Bugger me what an intro, but put your smirks aside and come outback with me. Let me tell you of the real men of the bush, wooly blokes they are, horny and roamin’ free.
Classic lines escape me now, some more chardonnay; my grammar may sound new. Eagles in my background, THEIR music, not the one’s that soar, and that will please many a wooly ewe.
So see me when I was a little tacker, baggy draws and Blackfriars Correspondence schooled. Lovin’ bush stuff, havin’ good times, believe me folks; the Merino, well he was the one, he ruled.
We moved from place to place, on my way to the esters I am bound. I had a galah for a pet, had a shangai and stones, the vast BUNDEMAR property I roamed around.
Then this little wooly lanolin enriched, testosterone bewitched, cloven hoofed bloke entered my very bein’ . I can see him getting the dock, retaining his precious cluster, so his pride will still be seein’.
(The ratbag was close by).
He was a little wooly bundle, like a puppy really, followed us all around the place.

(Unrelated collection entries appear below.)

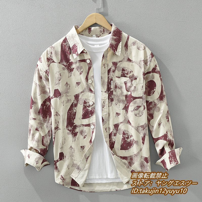 - 超美品★メンズシャツ 長袖シャツ 春新品 アウター 総柄 ワークシャツ 超希少 ヴィンテージ 英文字 心地良し 上着 カジュアル レッド L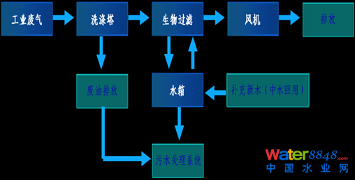 原理: IBF異味氣體生物處理技術(shù)全稱是固定化微生物滴濾池(IBF,Immobilized biological filter),其是在總結(jié)傳統(tǒng)各種生物反應(yīng)器及載體的優(yōu)缺點基礎(chǔ)上,結(jié)合工程實踐,以傳統(tǒng)生物滴濾塔結(jié)構(gòu)為藍本,借鑒生物濾池工程運行經(jīng)驗,采用一種功能化生物載體,并將復(fù)合工程菌中的微生物-生物酶聯(lián)合除臭降解劑固定在載體上,通過生物降解,達到分解和消化惡臭物質(zhì)的目的。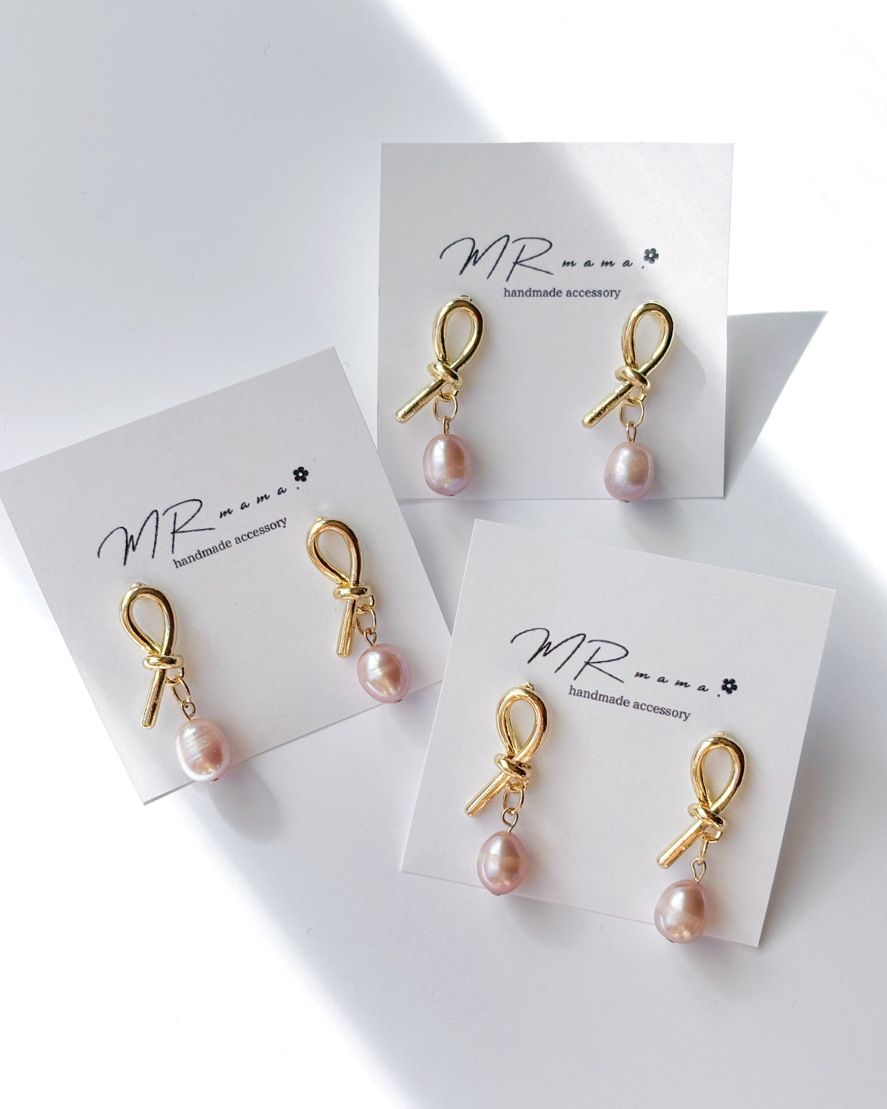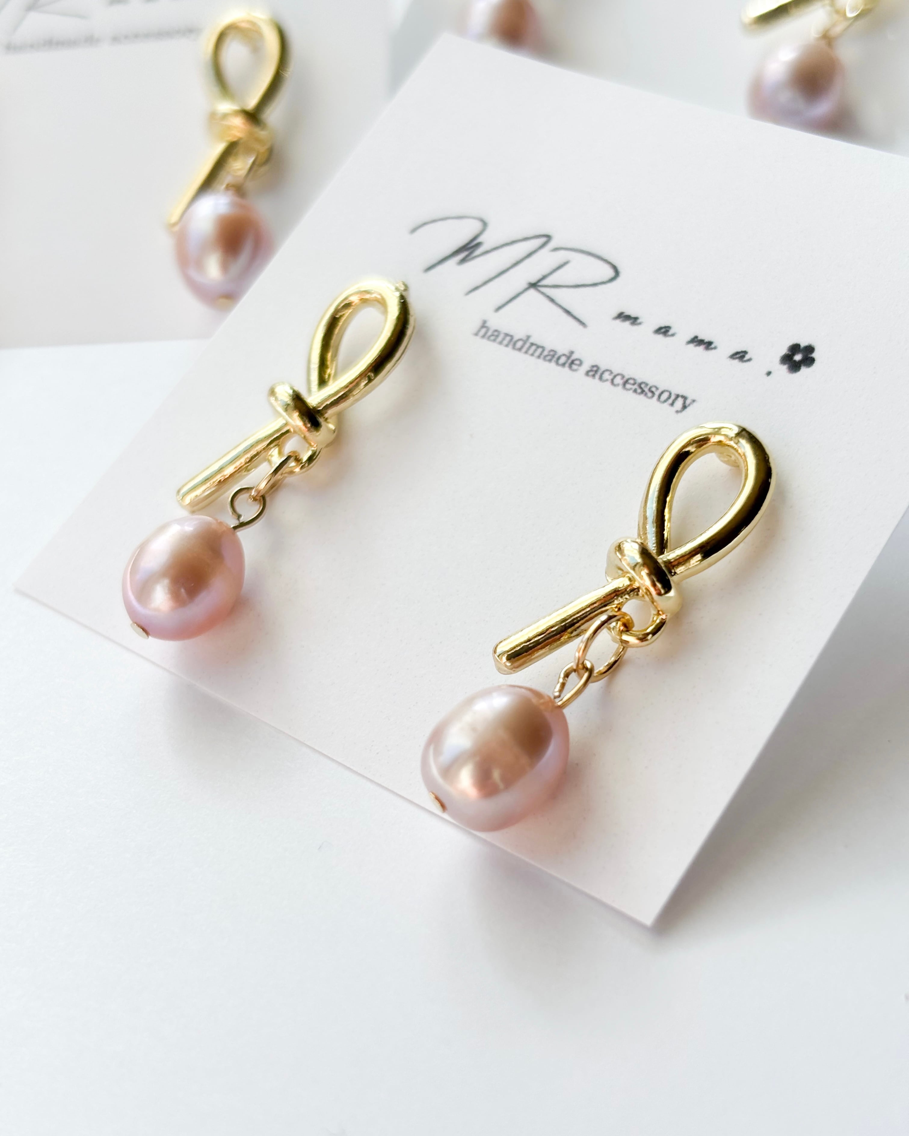 結び × 桜ピンク 淡水パール ドロップパール バロックパール ピンク ピアス / イヤリング . 卒業式 卒園式 入学式 入園式

Me Mum and Dad and I on afternoons, down the creek, along the tracks, I swear I can see his innocent face.
The little bugger grew, we knew a time would come for us to feel some harrow, give way to his place on earth. The clue became evident; fall behind, sounds of quickening hoofs, shunt, on your bum, on his face the look of mirth.
He had a name, God knows what, Dad called him “ratbag”, and he grew and grew, and covered many a Ewe. He became an Aussie wooly bush hero, THE BUNDEMAR STUD, he sold at auction, and he was a record, 4500 guineas, gives or takes a few.
Circa? 1951? © john d Farley, Boonoke and Bundemar. 2008.